MATLAB xUnit has been an excellent contribution to the test focused development efforts of those writing MATLAB code. It has a solid implementation, it follows the xUnit paradigm very well, and has been invaluable as a file exchange contribution.
The MATLAB Unit Test framework has indeed learned from this submission as well as decades of requirements and test focused development for the MathWorks' internal code base. We have also learned and extended upon frameworks in other languages such as JUnit, NUnit, and python's unittest framework. As such there certainly are many more features in the R2013a-beyond framework, and it is designed to scale and extend.
There are too many other features to go into in a simple answer, but perhaps one way to describe some of the differences are that the 13a framework is what I loosely call an "xUnit 2.0" and the file exchange submissions is an "xUnit 1.0" framework. If you are familair with JUnit, this is like the difference between JUnit 3 and JUnit 4.
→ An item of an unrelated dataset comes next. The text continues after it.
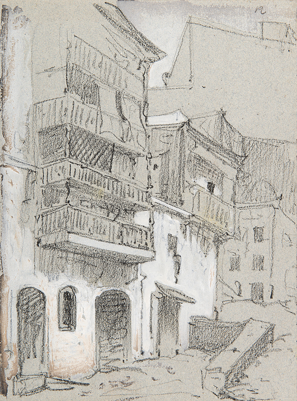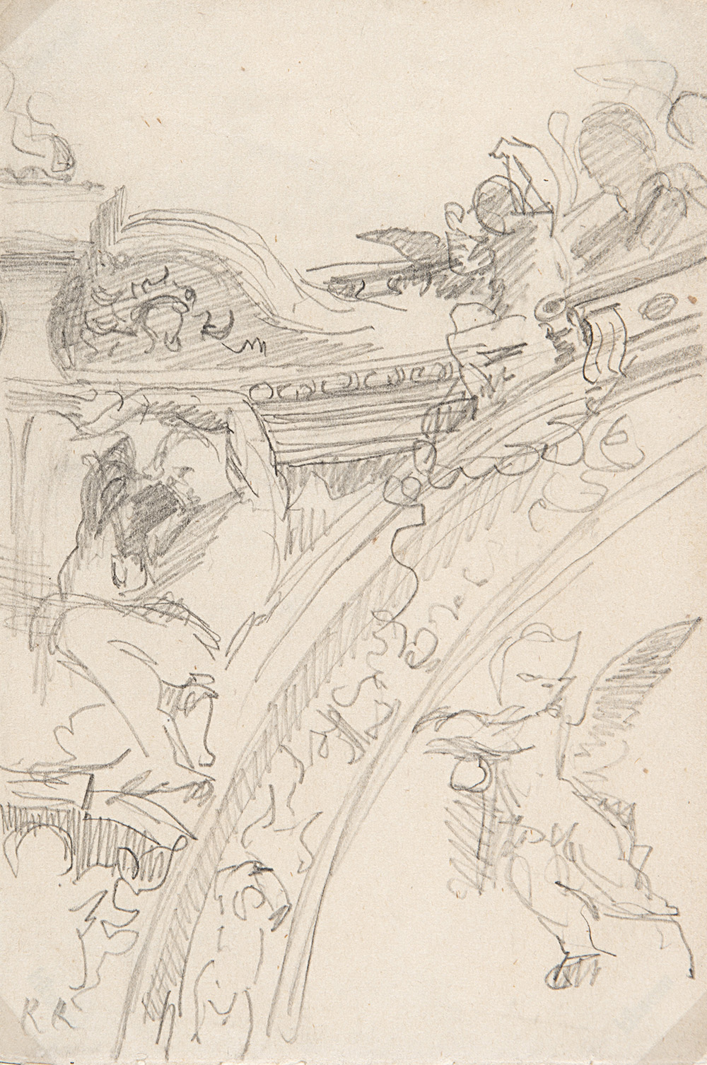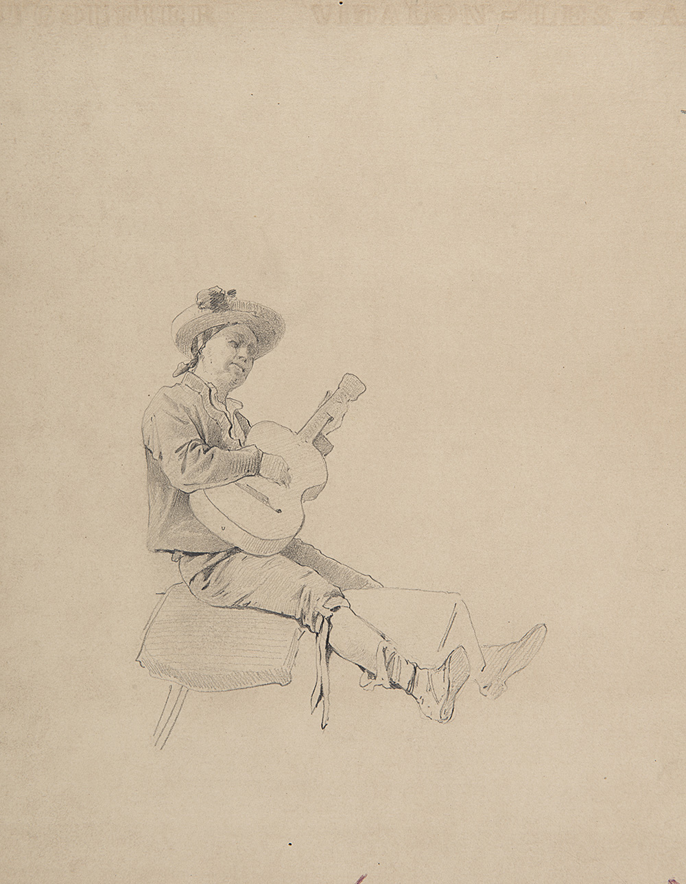 Lotto composto da tre disegni di artisti diversi del secolo XIX raffiguranti "Studio di decorazione architettonica" "Uomo che suona la chitarra" e "Veduta di paese", misure diverse (difetti)

There are also other intangible or as yet unrealized benefits, such as:
- The framework is included directly in MATLAB so you can share tests with others and know that they can run the tests even if they are not familiar with testing and do not want to download the file exchange framework.
- The framework is under active development with a pipeline of additional features and capabilities in the works for future releases.
Hope that helps. I would be happy to go over any questions you have about specific functionality or features.